Data become NAN after fed into GPUs

ginobilinie · April 24, 2020, 5:34am

When I try to feed data to GPUs, I found sometimes the img data become NAN and the label data sometimes become -1, the code is below, I also paste the output of this copy of code:

        minibatch = dataloader.next()
        imgs = minibatch['data']
        gts = minibatch['label']

        if torch.sum(torch.isnan(imgs).any()).item()>0:
            print('There is NAN in imgs before sent to cuda')
        else:
            print('There is no NAN in imgs before sent to cuda')

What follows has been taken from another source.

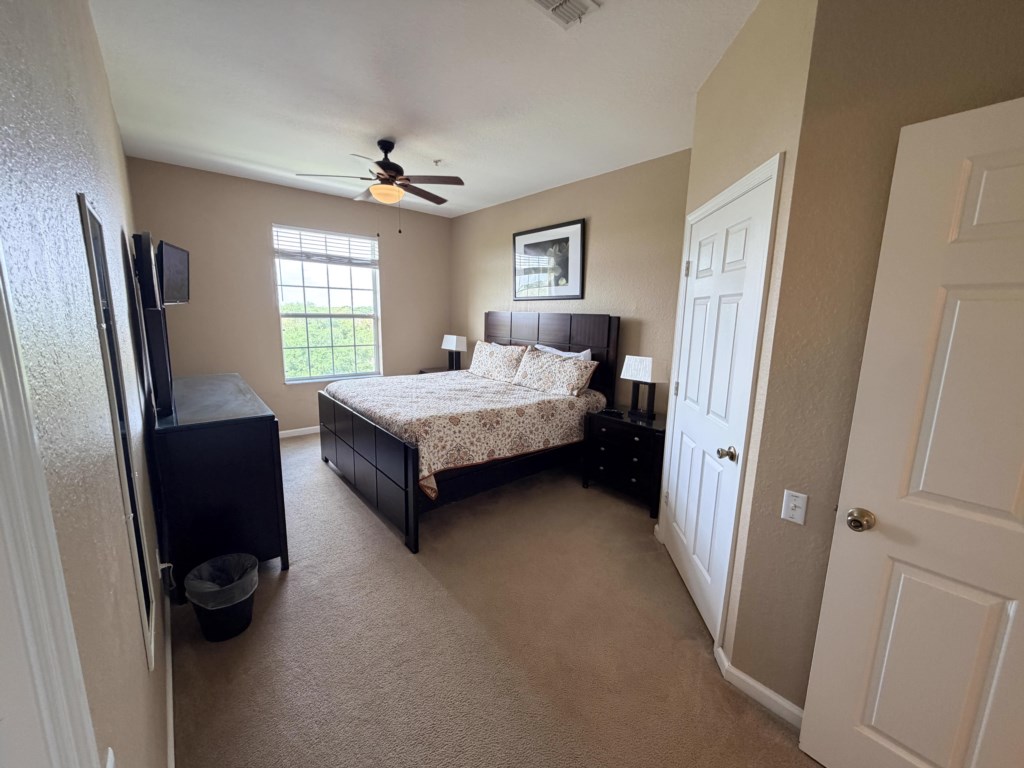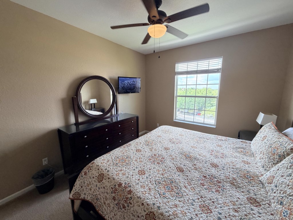 • 1 King Bed with Flat Screen TV, Ceiling Fan, Ensuite Bathroom (MA. BATH) with Sink Vanity, Shower, and Walk-In Closet.

        print('imgs:',np.amax(imgs.numpy()),np.amin(imgs.numpy()))
        print('gts:',np.unique(gts.numpy()))
        print('gts:',type(gts))
        if engine.distributed:
        # for multiple-gpu
            imgs = imgs.cuda(non_blocking=True)
            gts = gts.cuda(non_blocking=True)
            print('gts tensor on cuda:',torch.unique(gts))
            if torch.sum(torch.isnan(imgs).any()).item()>0:
                print('There is NAN in imgs on cuda')

            #print('no move to cuda')

Output:
There is no NAN in imgs before sent to cuda
There is no NAN in imgs before sent to cuda
There is no NAN in imgs before sent to cuda
There is no NAN in imgs before sent to cuda
imgs: 0.594 -0.46539214
imgs: 0.594 -0.46539214
imgs: 0.594 -0.44970587
imgs: 0.594 -0.46147057
gts: [ 0 1 2 4 5 8 9 10 11 13 18 255]
gts: <class ‘torch.Tensor’>
gts: [ 0 1 2 5 7 8 10 11 13 15 18 255]
gts: <class ‘torch.Tensor’>
gts tensor on cuda: tensor([ 0, 1, 2, 4, 5, 8, 9, 10, 11, 13, 18, 255],
device=‘cuda:3’)
gts tensor: tensor([ 0, 1, 2, 4, 5, 8, 9, 10, 11, 13, 18, 255],
device=‘cuda:3’)
gts: [ 0 1 2 3 5 6 7 8 9 11 13 18 255]
gts: <class ‘torch.Tensor’>
gts tensor on cuda: tensor([ 0, 1, 2, 5, 7, 8, 10, 11, 13, 15, 18, 255],
device=‘cuda:1’)
There is NAN in imgs on cuda
gts tensor: tensor([ 0, 1, 2, 5, 7, 8, 10, 11, 13, 15, 18, 255],
device=‘cuda:1’)

Environment:
python3.6
torch 1.1.0
torchvision 0.3.0
cuda: 9.0

ptrblck · April 24, 2020, 8:15am

Could you update to the latest stable release (1.5) and rerun the code?
Also, could you post some information about your system, e.g. which GPU(s) are you using?
We had a similar issue some time ago and if I’m not mistaken, it turned out to be a hardware failure.

ginobilinie · April 24, 2020, 7:07pm

@ptrblck
Thank you for your reply.

I’m using Tesla V100 GPU on Ubuntu System.

I’m trying a different version of pytorch.

ginobilinie · April 26, 2020, 7:37am

@ptrblck I solve it by rebooting the machine.